One family's love of the rodeo life

HE rode some of the wildest bulls, saddle bronc and bareback horses in the country during his 17-year career as a rodeo rider.

But that hasn’t made it any easier for Queanbeyan-born horseman Brett Woodbridge to watch his four children follow in his footsteps. Especially when those footsteps lead to the back of an angry, one-ton bull.

Over the past 10 years, the Woodbridge family name has become increasingly synonymous with rodeos around this part of the world.

Brett’s two eldest children, stepson Ranieri and daughter Kodie were both introduced early to the rodeo game, taking up saddle bronc riding and barrel racing respectively at a young age.

More recently however, his two younger sons Travis, 16 and 14-year-old Casey have taken to bull riding; a decision that was met with some trepidation in the Woodbridge household.

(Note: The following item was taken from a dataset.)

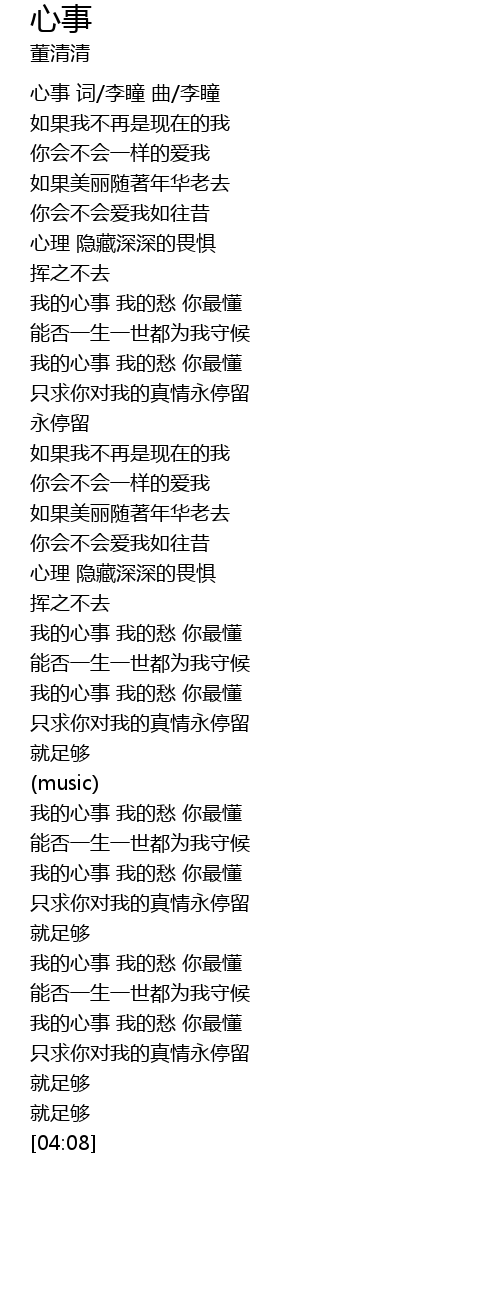 | [00:00] | 心事 词/李瞳 曲/李瞳 |

“I never wanted them to ride bulls,” Brett acknowledged. “I’d have always preferred them to ride horses but when they’re set on something you can’t change their minds.

“I watched Trav ride a bull at Queanbeyan Show and even though I used to ride them myself, I never felt so sick in all my life. The nerves and all that, it was worse than when I used to ride to see him get on one.

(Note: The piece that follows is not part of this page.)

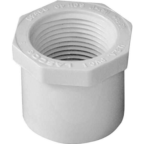 LASCO Reducing Bushing, Nominal Size 114 x 1 in, Spigot x FNPT Connection, Operating Temperature 140 deg F, Schedule Rating SCH 40, PVC, White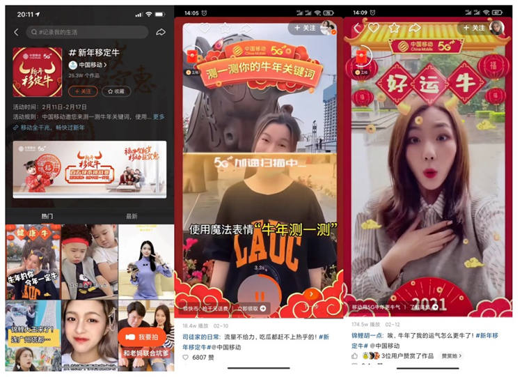 春節(jié)對每個中國人來說都具有重要意義,也是品牌商們爭相追捧的節(jié)日營銷熱點。今年春節(jié),中國移動與快手磁力引擎大玩創(chuàng)新,將新春祈福傳統(tǒng)與“互聯(lián)網(wǎng)迎春”結合,聯(lián)手發(fā)起#新年移定牛#挑戰(zhàn)賽,通過巧妙的方式打造一起春節(jié)趣味營銷案例。

“But if that’s what they want to do then you’ve got to support them and you’ve got to be there for them. As scary as it is to watch them, I’m proud of them when I see one of them have a good ride and I know they’ve done a good job.”

Since giving up riding himself in the late 90s, Brett and wife Tracey have since turned to the supply side of the rodeo industry.

The couple nowadays provide saddle bronc and bareback horses to roughly 10 rodeos around the state each year out of their 110ha property just outside Bungendore.

And this weekend will see them bring in a full truckload of horses down the Kings Highway for the Queanbeyan Rodeo.

On Saturday, they’ll watch on as a parade of cowboys rides against the clock, hanging on for dear life on the back of one of the Woodbridge’s prized horses, as they go in search of eight seconds of guts and glory.  

And having now spent nearly 30 years on both sides of the chutes, Brett Woodbridge has a better idea than most as to just what those riders will be up against when the gate swings open.

“When you get the older horses especially who know their job, they’ll stand there nice and calm in the chute where they’ve been a million times before,” he said.

“Some of the others you’ll see playing up in the chutes and you know they’re not going to do as much.

“But when the cowboy sits down and you see the horse, calm as you like, just lean on the gate ready to go, you know that horse is going to come out bucking.”

The Queanbeyan Rodeo will be held at the Queanbeyan Showground this Saturday. Gates open at 2pm for a 4pm start. 

The Queanbeyan Rodeo will be held at the Queanbeyan Showground this Saturday. Gates open at 2pm for a 4pm start.